Stadtplaner Bernd Fahle vom für die Bebauungsplanung zuständigen Freiburger Büro "fsp.stadtplanung" erklärte, man wolle in den weiteren Planungen die bestmögliche Qualität für den Standort am Ortseingang erreichen. In den zurückliegenden Jahren habe sich die Bereitschaft der Investoren, für bessere Architektur auch mehr Geld auszugeben, erhöht. Es gelte daher, intensiv zu verhandeln.

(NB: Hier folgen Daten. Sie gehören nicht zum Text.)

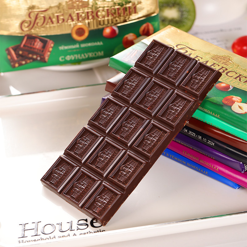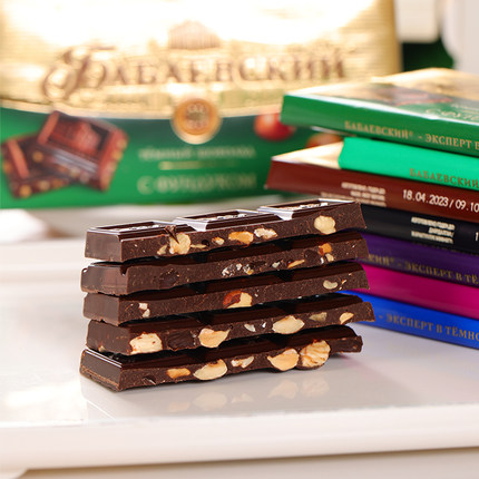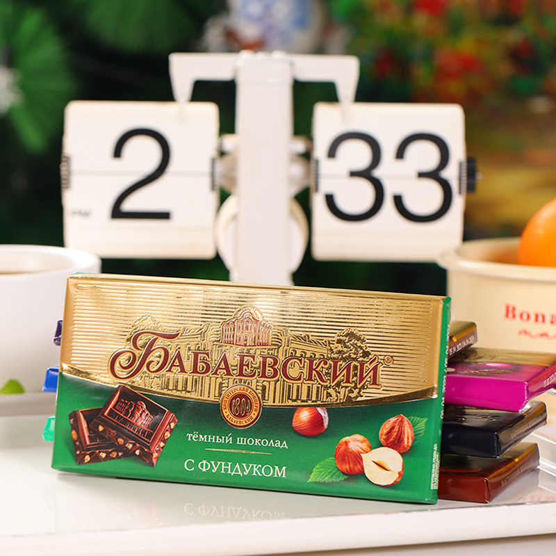 巴巴耶夫俄罗斯进口芭味富扁桃仁榛仁夹心黑巧克力纯可可脂零食品
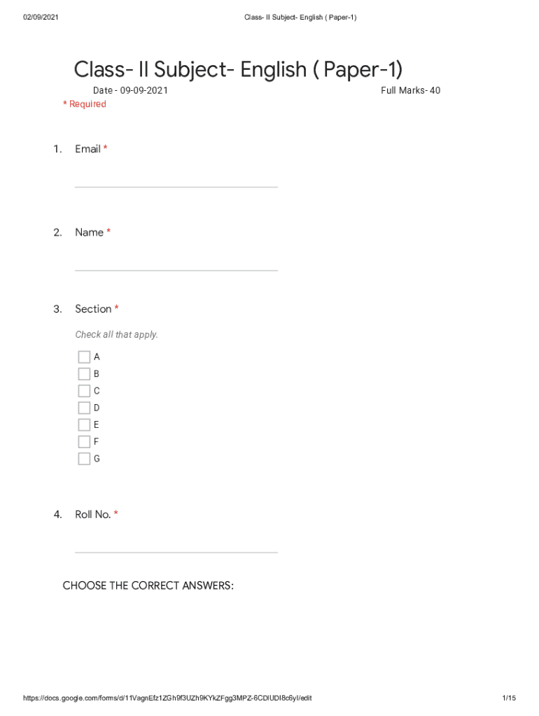 02/09/2021Class II Subject English (Paper1)Class II Subject English (Paper1) Date 09092021 * Required1. Email *2. Name *3. Section *Full Marks 40Check all that apply. A B C D E F G4. Roll No. *CHOOSE
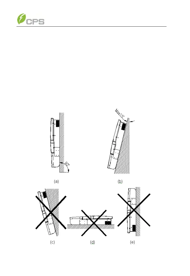 (b) If the inverter cannot be mounted vertically, it is allowed to be tilted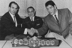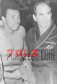 After being trained by the wrestling legends such as George Tragos, Ed "Strangler" Lewis, and Ad Santel, Lou Thesz became the greatest wrestler of this century. As the Unified World Heavyweight champion, he made a record of 936 consecutive wins between 1948 and 1955 when pro-wrestling was respected as a professional sport in the United States. He was the first world heavyweight champion to step on the Japanese soil when "World Heavyweight Title" meant a lot in the sport. He was one of the greatest rivals of Rikidōzan, and many wrestlers who would later become big stars in Japan, including the stars like Antonio Inoki and Giant Baba, aimed to be like Thesz. There has not been any undisputed world heavyweight champion in professional wrestling since Lou Thesz.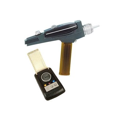 -. Binding : Toy -. Brand : Diamond Select -. Color : Gold -. Department : Men -. EAN : 0699788177761 -. Feature : Entertainment Earth Exclusive! Shoot 1st! Talk later! / You get both a communicator and a phaser. Just like the props from the original series... only better! Get ready for the ultimate Star Trek adventure! / Communicator voices 8 phrases from the TV show. Communicator can be configured to 'call you back.' Phaser has an exclusive gold handle and detachable mini hand phaser. / This is like nothing else on the market today! 'Enterprise, this is Kirk.' Get ready for the ultimate Star Trek adventure with this EE Exclusive Star Trek Original Series Classic Gold Phaser and Communicator set! / With sound effects and clips from the groundbreaking sci-fi series, each of these limited edition collectibles features audio from the classic episodes and deluxe window-box packaging. These exclusive, life-size replicas aren't like anything else on the market today! The communicator has a matted paint base and a plastic cover grille cover that also functions in the show as an antenna, while the phaser comes in an exclusive gold-handle version. -. Label : Diamond Select -. Manufacturer : Diamond Select -. MPN : DIAM17776 -. PartNumber : DIAM17776 -. ProductGroup : Toy -. ProductTypeName : TOYS_AND_GAMES -. Publisher : Diamond Select -. Size : Medium -. Studio : Diamond Select -. Title : Star Trek Gold Phaser and Gold Communicator - EE Exclusive -. UPC : 699788177761
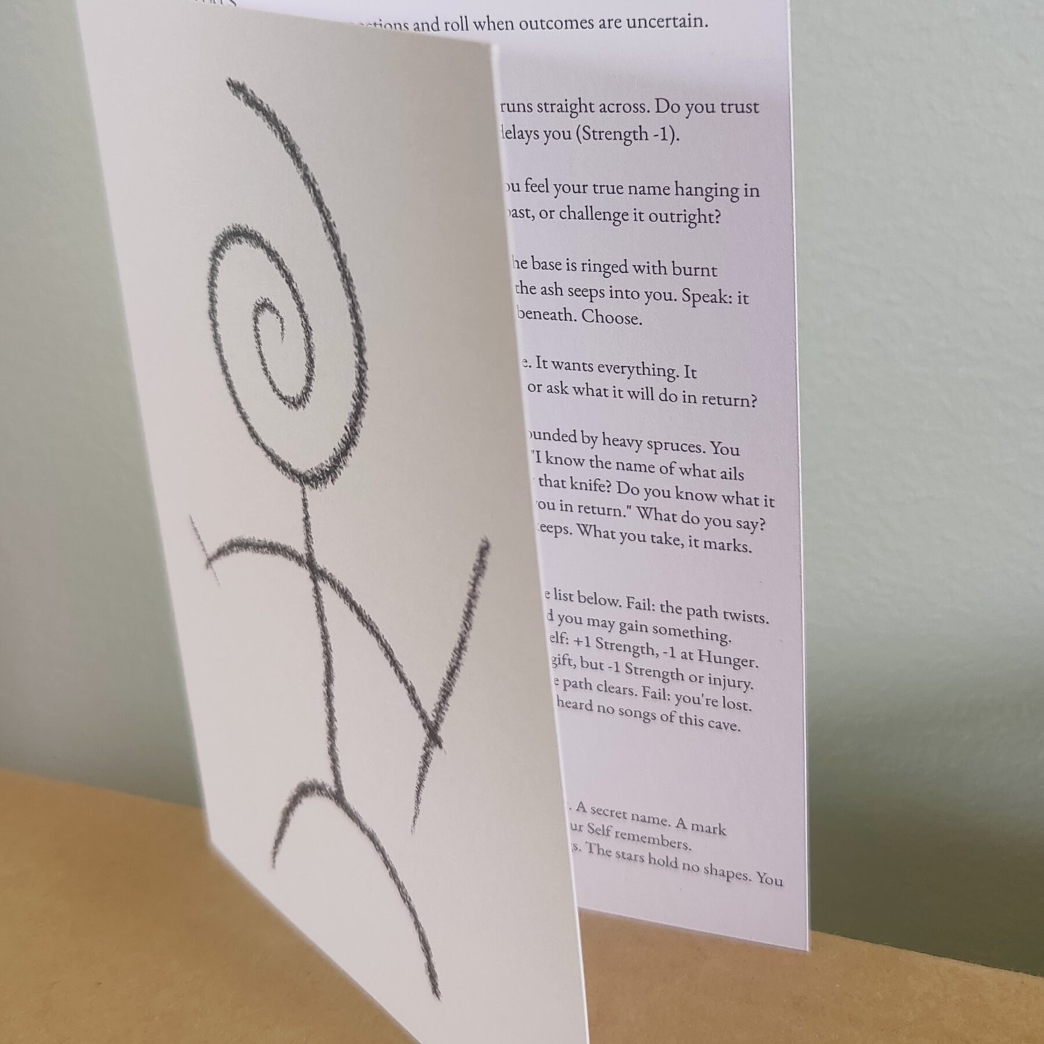 Played with a single d20, this 15-30 minute game is light in form, heavy in tone – a haunting passage through myth, hunger, and the unknown. For one player and a GM.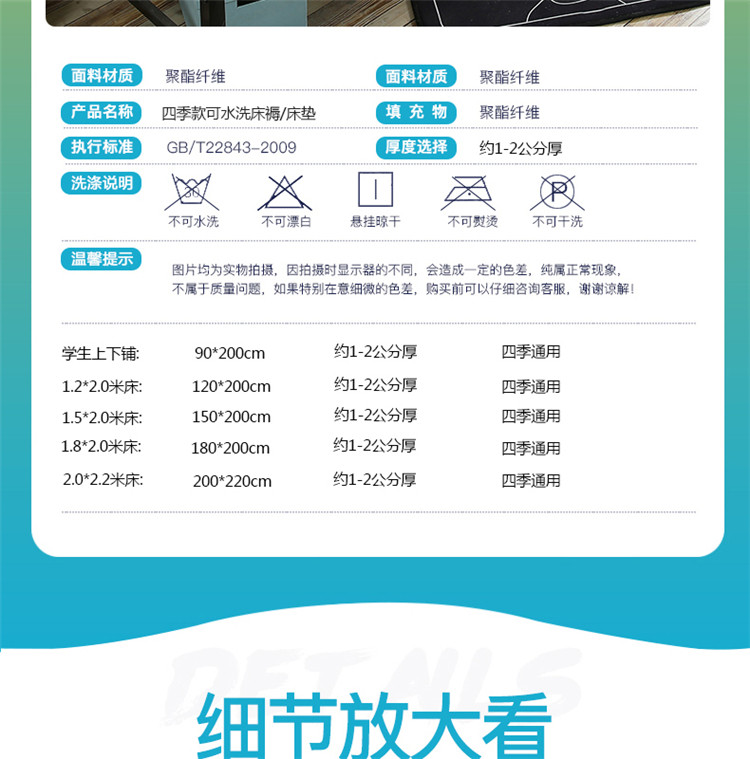 商品名称:学生宿舍床垫夏季夹棉软垫水洗保护垫0.9m防尘酒店薄垫家用 云朵飘飘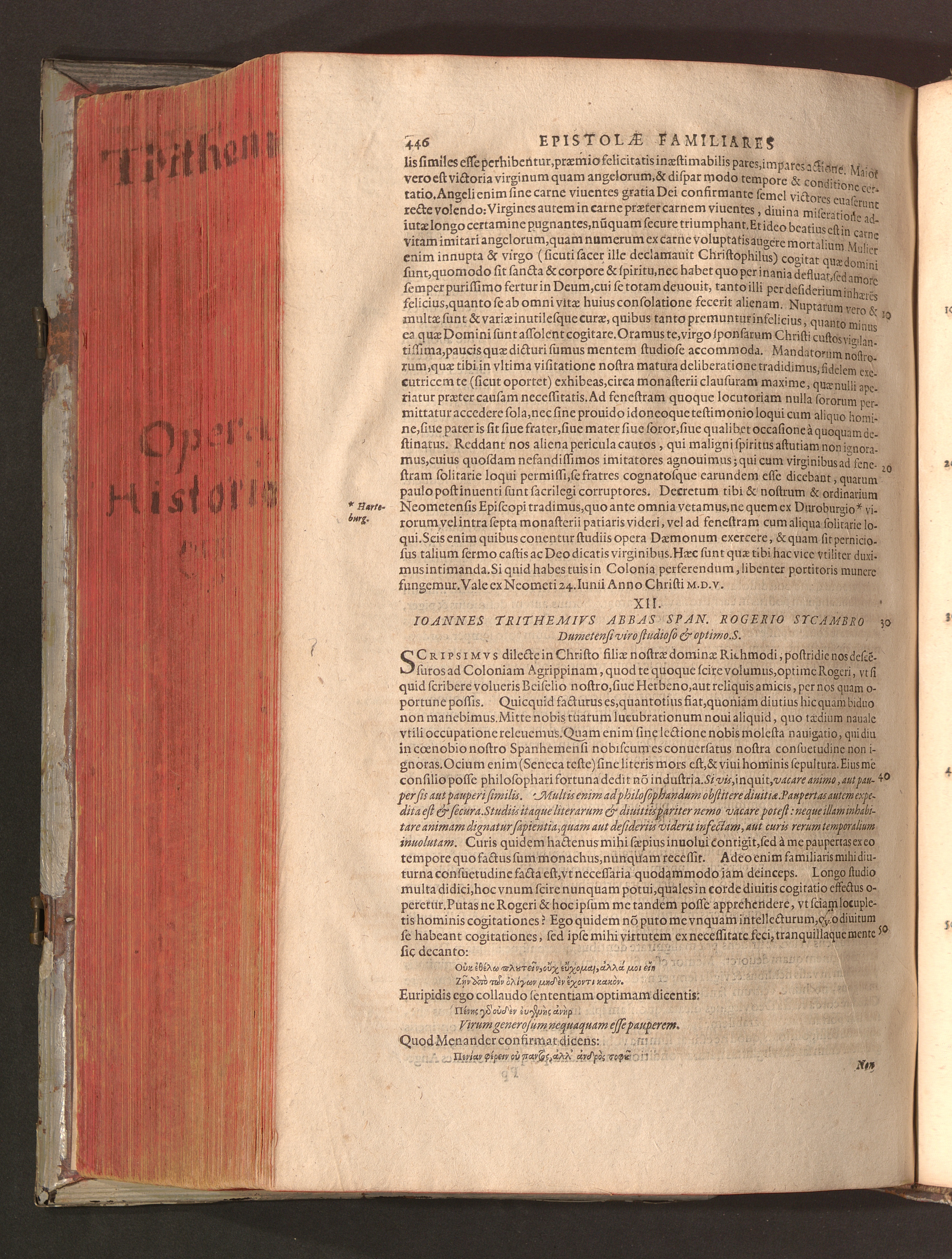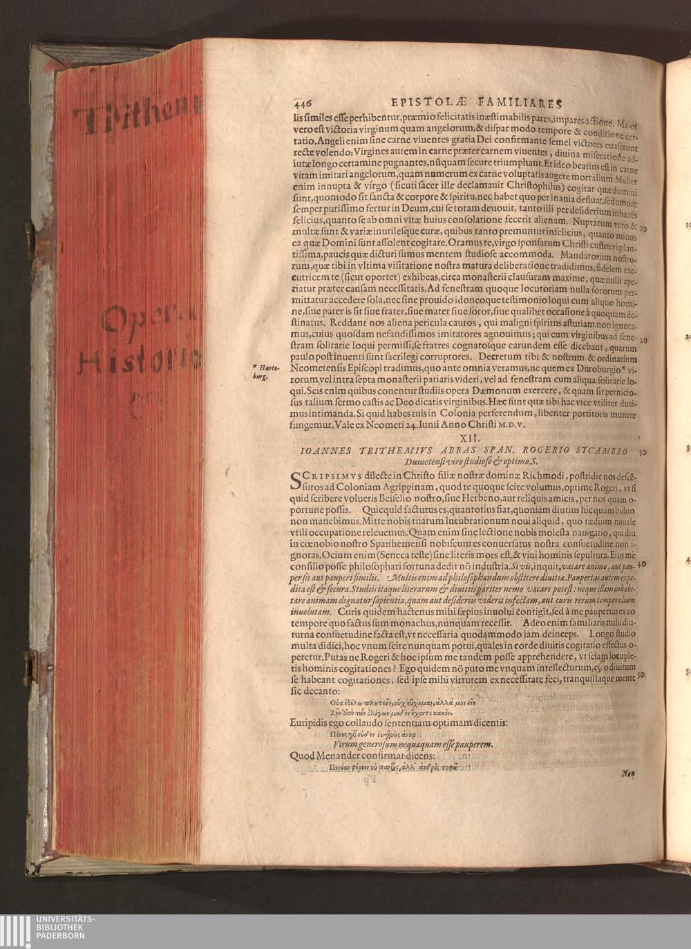 2 (1601) Iohannis Trithemii Spanheimensis Primo, Deinde D. Iacobi Maioris Apvd Herbipolin Abbatis, viri suo æuo doctissimi Secvndæ Partis Chronica Insignia Dvo : I. Coenobii Hirsavgiensis, Diœcesis Spirensis: eius fundationem & progressum ab Anno Christi DCCCXXX. vsque ad Annum MCCCLXX. II. Coenobii Spanheimensis, Diœcesis Moguntinensis: eius fundationem & progressum ab Anno Christi MCXXIIII. vsque ad Annum MDXXVI. vel potius res ab octo illis sæculis in tota Ecclesia & Imperio memorabiliter gestas, complectens; Qvorvm Privs Collatione Archetypi Ipsivs Auctoris manuscripti correctius & plenius; posterius verò istud nunc primùm è tenebris erutum, ob insignem vtilitatem optimâ fide in lucem editur; Accedunt Epistolæ eiusdem Familiares, ab excessu eius de cœnobio Spanheimensi ad Principes clarosque viros scriptæ, historiis eius æui referctæ

Bürgermeister Kieber erklärte, dass die Zielabweichung im Regionalplan ausschließlich für den Einkaufsmarkt gelte, weiteres Bauen sei nicht vorgesehen. Der Markt werde Richtung Bötzingen in Höhe des Landmaschinenhandels auf der gegenüberliegenden Straßenseite gebaut, danach werde auch das Ortsschild versetzt. Auf Nachfrage erklärte er, dass es von allen Grundstückseignern, bis auf einen, schriftliche Zusagen für den Verkauf ihrer Grundstücke gebe. Das fehlende Grundstück werde aber nicht gebraucht und dann wohl zu einer privaten Grünfläche umgewidmet. Zudem erhielten die betroffenen Landwirte ein Überfahrtsrecht zu ihren Grundstücken über den 70 bis 80 Stellplätze umfassenden Parkplatz.